Collected data:
=== Section Start ===
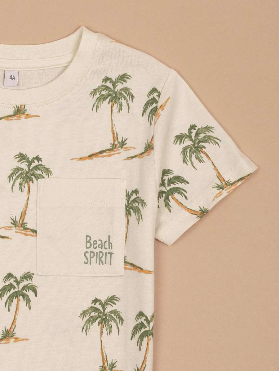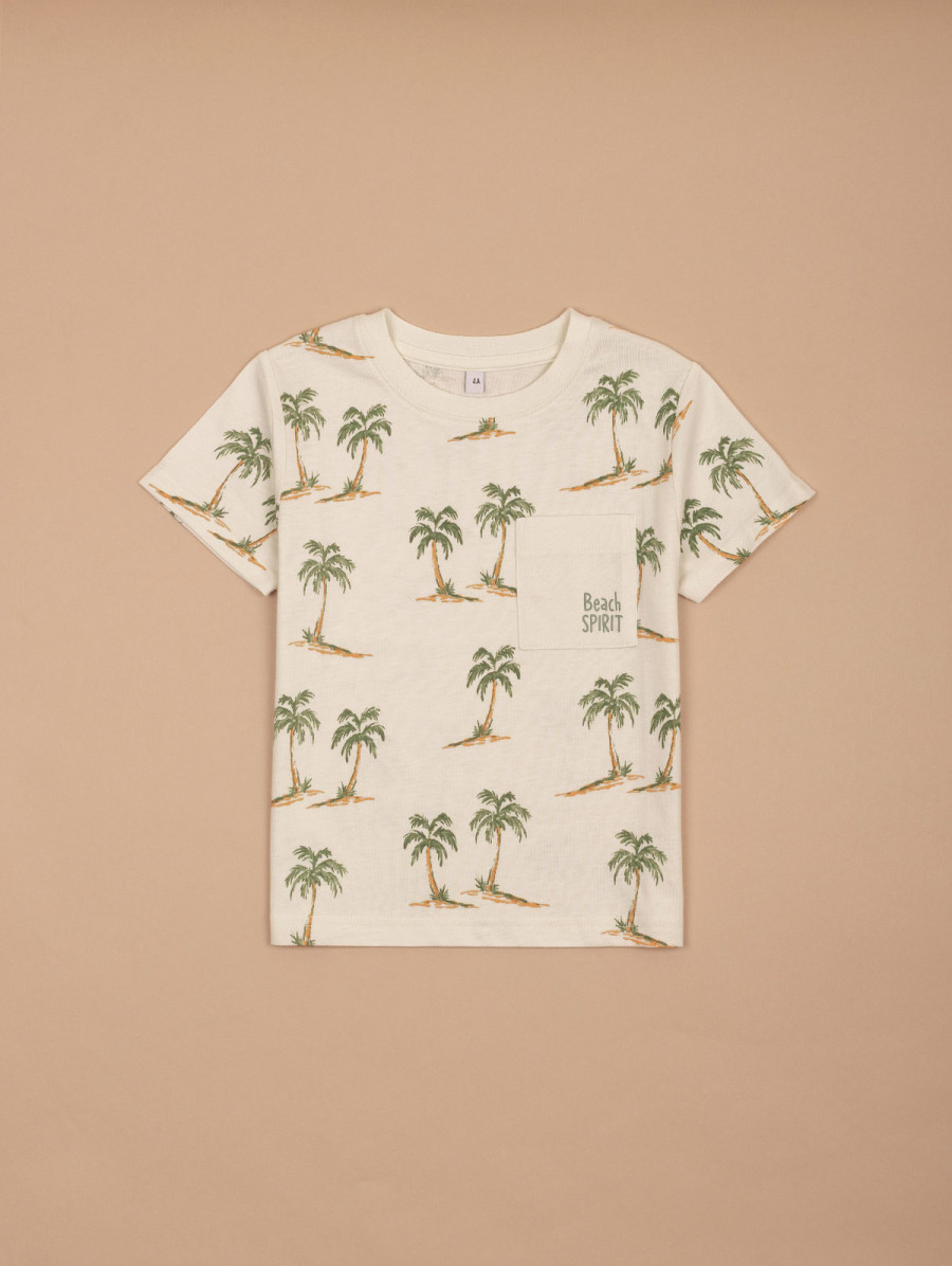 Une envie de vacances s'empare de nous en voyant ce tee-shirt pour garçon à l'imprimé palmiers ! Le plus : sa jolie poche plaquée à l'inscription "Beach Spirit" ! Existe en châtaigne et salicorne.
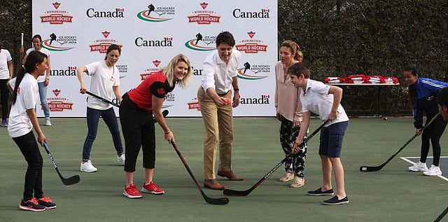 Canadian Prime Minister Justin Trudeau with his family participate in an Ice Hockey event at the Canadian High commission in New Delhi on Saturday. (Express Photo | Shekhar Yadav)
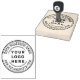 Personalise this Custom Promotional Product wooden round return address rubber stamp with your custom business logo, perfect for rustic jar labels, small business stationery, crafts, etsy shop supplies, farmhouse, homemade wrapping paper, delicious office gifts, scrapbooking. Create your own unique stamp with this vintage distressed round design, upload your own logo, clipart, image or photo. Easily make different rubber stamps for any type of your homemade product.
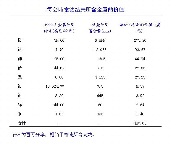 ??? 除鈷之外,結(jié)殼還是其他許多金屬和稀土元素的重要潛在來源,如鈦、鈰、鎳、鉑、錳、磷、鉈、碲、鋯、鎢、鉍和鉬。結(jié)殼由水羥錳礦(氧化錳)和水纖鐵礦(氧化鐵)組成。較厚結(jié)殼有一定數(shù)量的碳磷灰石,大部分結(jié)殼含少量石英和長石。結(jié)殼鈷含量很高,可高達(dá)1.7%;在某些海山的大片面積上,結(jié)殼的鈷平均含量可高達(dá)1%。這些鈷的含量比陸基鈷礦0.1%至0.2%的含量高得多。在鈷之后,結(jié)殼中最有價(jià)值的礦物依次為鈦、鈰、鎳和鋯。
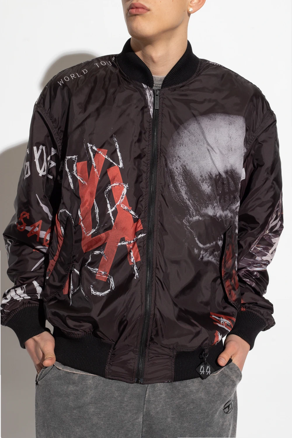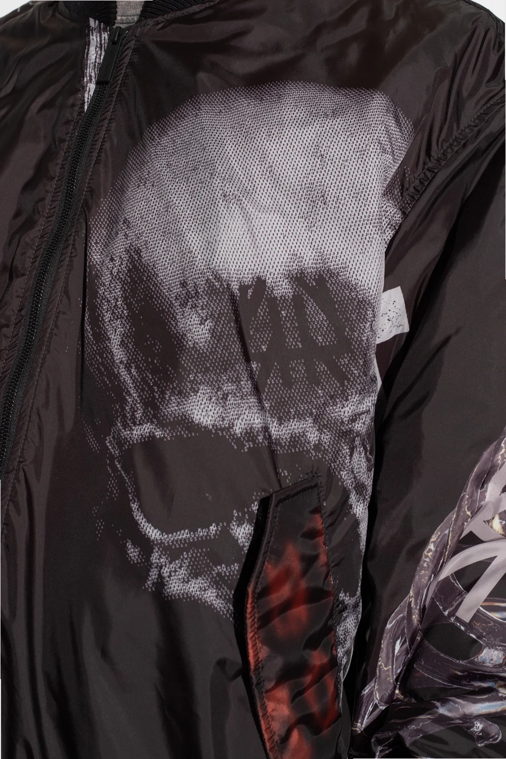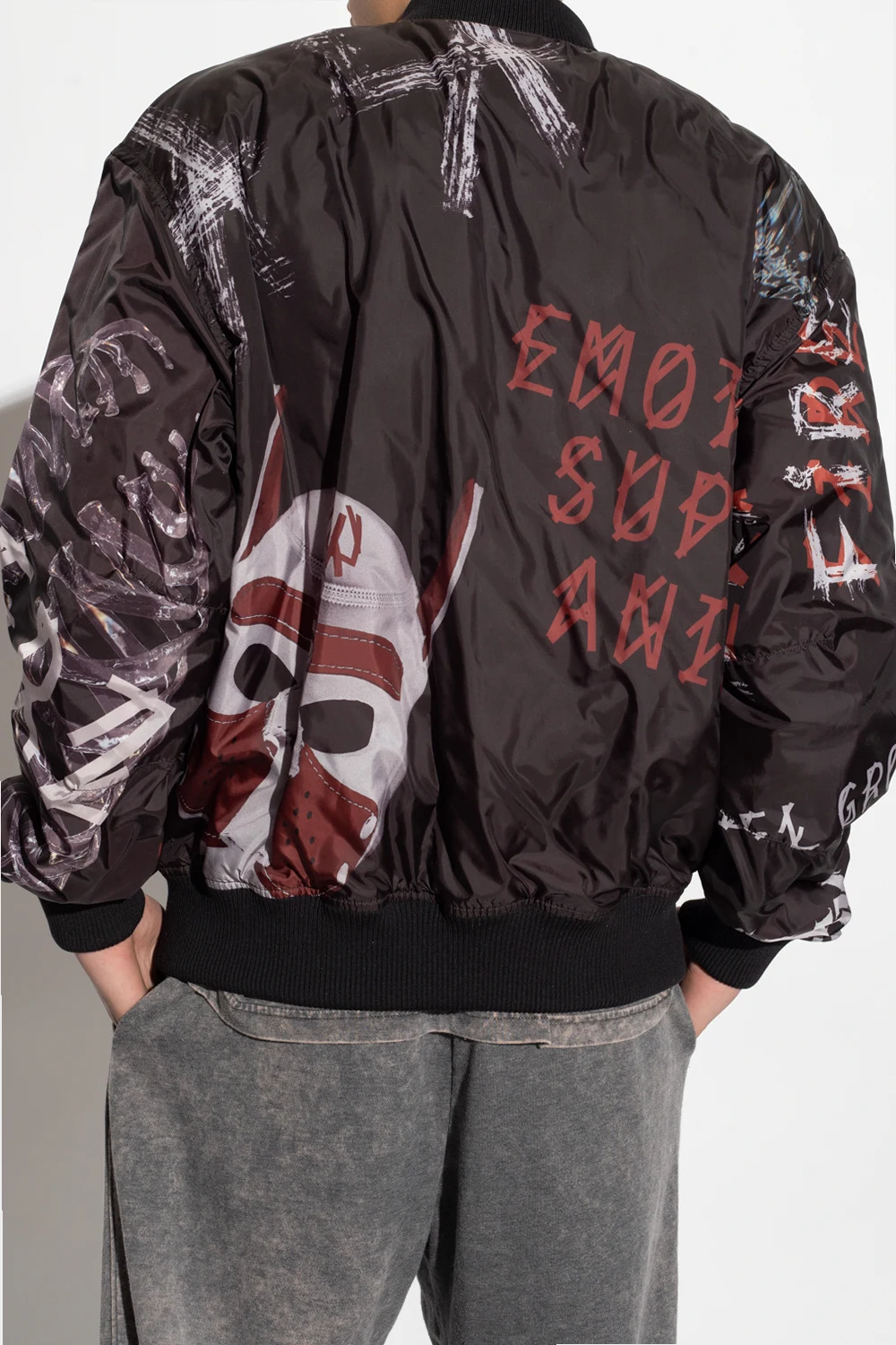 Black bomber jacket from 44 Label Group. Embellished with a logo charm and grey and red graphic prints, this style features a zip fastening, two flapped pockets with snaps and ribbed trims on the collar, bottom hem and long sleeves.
=== Section End ===
### [Problem]
Will you restate every entry word for word and omit the images?

### [Response area]
 Une envie de vacances s'empare de nous en voyant ce tee-shirt pour garçon à l'imprimé palmiers ! Le plus : sa jolie poche plaquée à l'inscription "Beach Spirit" ! Existe en châtaigne et salicorne.
 Canadian Prime Minister Justin Trudeau with his family participate in an Ice Hockey event at the Canadian High commission in New Delhi on Saturday. (Express Photo | Shekhar Yadav)
 Personalise this Custom Promotional Product wooden round return address rubber stamp with your custom business logo, perfect for rustic jar labels, small business stationery, crafts, etsy shop supplies, farmhouse, homemade wrapping paper, delicious office gifts, scrapbooking. Create your own unique stamp with this vintage distressed round design, upload your own logo, clipart, image or photo. Easily make different rubber stamps for any type of your homemade product.
 ??? 除鈷之外,結(jié)殼還是其他許多金屬和稀土元素的重要潛在來源,如鈦、鈰、鎳、鉑、錳、磷、鉈、碲、鋯、鎢、鉍和鉬。結(jié)殼由水羥錳礦(氧化錳)和水纖鐵礦(氧化鐵)組成。較厚結(jié)殼有一定數(shù)量的碳磷灰石,大部分結(jié)殼含少量石英和長石。結(jié)殼鈷含量很高,可高達(dá)1.7%;在某些海山的大片面積上,結(jié)殼的鈷平均含量可高達(dá)1%。這些鈷的含量比陸基鈷礦0.1%至0.2%的含量高得多。在鈷之后,結(jié)殼中最有價(jià)值的礦物依次為鈦、鈰、鎳和鋯。
 Black bomber jacket from 44 Label Group. Embellished with a logo charm and grey and red graphic prints, this style features a zip fastening, two flapped pockets with snaps and ribbed trims on the collar, bottom hem and long sleeves.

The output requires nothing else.